Com a maior seca da história do país e queimadas intensas assolando 60% do território nacional, Tribunais Regionais Eleitorais se preparam para garantir eleições e adotam medidas como antecipação de envio de mesários e urnas, e uso de aviões, barcos especiais e até animais. Dos cinco estados com maior número de focos de calor, quatro (Pará, Amazonas, Rondônia e Tocantins) têm zonas eleitorais em risco e áreas que despertem preocupação. Em comunidades isoladas, moradores admitem a possibilidade de aumento da abstenção.
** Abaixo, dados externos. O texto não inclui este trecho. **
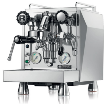
GIOTTO CRONOMETRO V
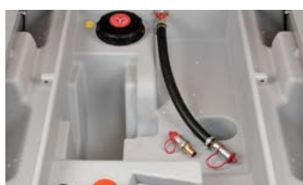
DT-Mobile Easy 980 without pump, with quick coupling
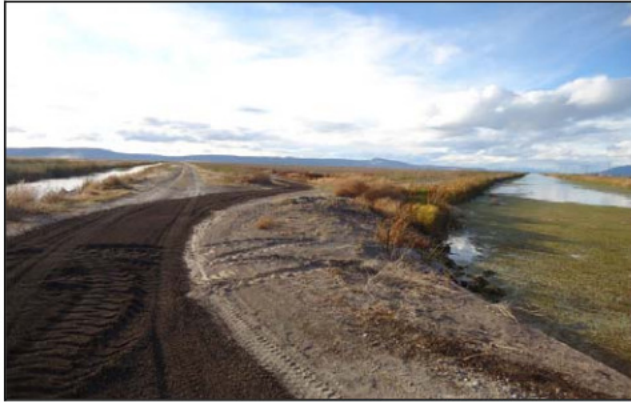
Irrigation drains and access roads in Tule Lake Watershed.

Highlights included the Lost River, the Tule Lake sumps, wildlife refuges, irrigation water supply canals, irrigation drains, water movement practices, farming practices, and the wetland restoration program known as walking wetlands.
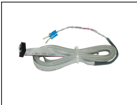
FN-V187 VoiceNET Serial Interface Cable

No Pará, o TRE tem negociado com empresas para trocar embarcações com profundidade maiores por outras mais baixas. Há, ainda, a avaliação de contratação de transporte animal, já que em muitas regiões as embarcações não cumprem todo o trajeto. O tribunal também tem preocupação com o transporte aéreo, já que diversas regiões estão com limitação de voo em razão das fumaças. Por isso, há possibilidade de eliminação do uso de helicópteros e de trocas de aeronaves.
A maior quantidade de população afetada é no Amazonas. Todos os 62 municípios do estado estão em situação de emergência há um mês e em 58 a situação é mais crítica, o que pode afetar a eleição, afirma o governo do estado. Cerca de 560 mil pessoas estão sofrendo os efeitos da seca de maneira mais acentuada e o governo vem ampliando envio de ajuda humanitária.
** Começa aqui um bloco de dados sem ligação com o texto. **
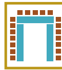
Table with chairs all around it.
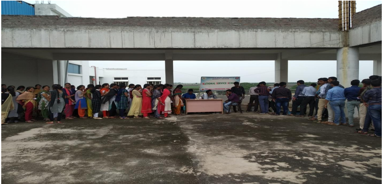
Students participating in the blood grouping camp and registration process

Jonnalagadda, Narasaraopet Guntur - 522601, Dist. A.P. Website:tecnrt.org. E-mail:tecnrt@gmail.com
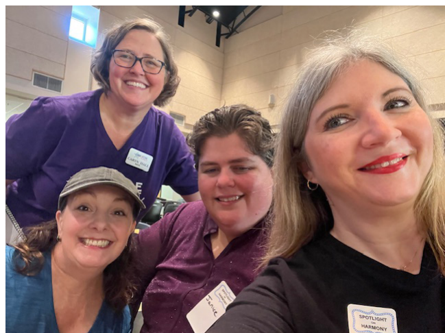
Lone Star members at Spotlight on Harmony

As zonas eleitorais de “difícil acesso” foram mapeadas pelo TRE do Amazonas e incluídas no plano logístico especial, com uso de aviões em convênio entre TSE e a Defesa. O tribunal antecipou o envio de mesários, policiais e técnicos às regiões eleitorais e a entrega de urnas pode ocorrer até oito dias antes do pleito. Segundo o governador do Amazonas, Wilson Lima (União), o estado busca soluções para garantir o acesso dos eleitores aos locais de cotação:
“Desde janeiro de 2024, iniciamos conversas com as prefeituras, governo federal, poderes Legislativos e Judiciário, representantes da indústria e comércio para informar sobre os prognósticos que tínhamos e também estabelecer ações de mitigação”.
Em Rondônia, Luiz Alves será um dos barqueiros responsáveis pelo transporte das urnas recolhidas em Porto Velho e levadas a povoados ao longo do Rio Madeira. Ontem, o TRE determinou que a viagem será feita com um dia de antecedência, como precaução. A viagem de Alves deve durar 10 horas, cerca de duas horas a mais que o normal, já que a velocidade precisa ser reduzida em níveis d’água mais baixos.
Procurado, o TRE de Tocantins não retornou o contato.
Ministra se preocupa
Em visita a Manaus, a presidente do Tribunal Superior Eleitoral (TSE), ministra Cármen Lúcia, demonstrou preocupação com o acesso de eleitores às urnas e pediu atenção especial à Justiça Eleitoral. No mês passado, ela já havia afirmado que a situação vinha lhe “tirando o sono”:
“Eu consigo garantir a chegada das urnas aos locais com segurança (…). Mas o receio é como o eleitor vai chegar”.
Na Amazônia, os rios são a principal forma de navegação, por isso a estiagem é capaz de deixar comunidades isoladas. Segundo o MapBiomas Água, a perda de superfície de água na Amazônia neste ano já chegou a 1,7 milhão de hectares, atingindo 558 municípios.
“Nosso estudo apontou que 75% da perda de superfície de água em 2023 ocorreu a 25km das pequenas cidades e vilarejos. Em 2024, a seca chegou dois meses mais cedo”, afirma Carlos Moreira, coordenador do MapBiomas.
Na comunidade Amador, em Óbidos (PA), a pescadora Josana Pinto diz que os barcos só chegam a até 1,5 quilômetro do povoado, em função da baixa do Rio Amazonas. Portanto, ela diz que esse trajeto final terá que ser feito a pé, carregando as urnas.
Os eleitores também sofrerão. Parte das 35 famílias que vivem no Amador vota em Januária, e precisam andar o trajeto a pé até o barco no Rio Amazonas. A outra parte consegue pegar barcos menores na própria comunidade e ir em outra direção, para votar em Auerana. Ela ainda se preocupa com a população que deixou a comunidade durante esse período de seca.
“Tem gente que acho que vai deixar de votar. Com a seca, algumas pessoas foram passar temporada na cidade, preocupados com a falta de água potável — explica Josana, que recorre ao filtro para usar água das poças que sobraram”.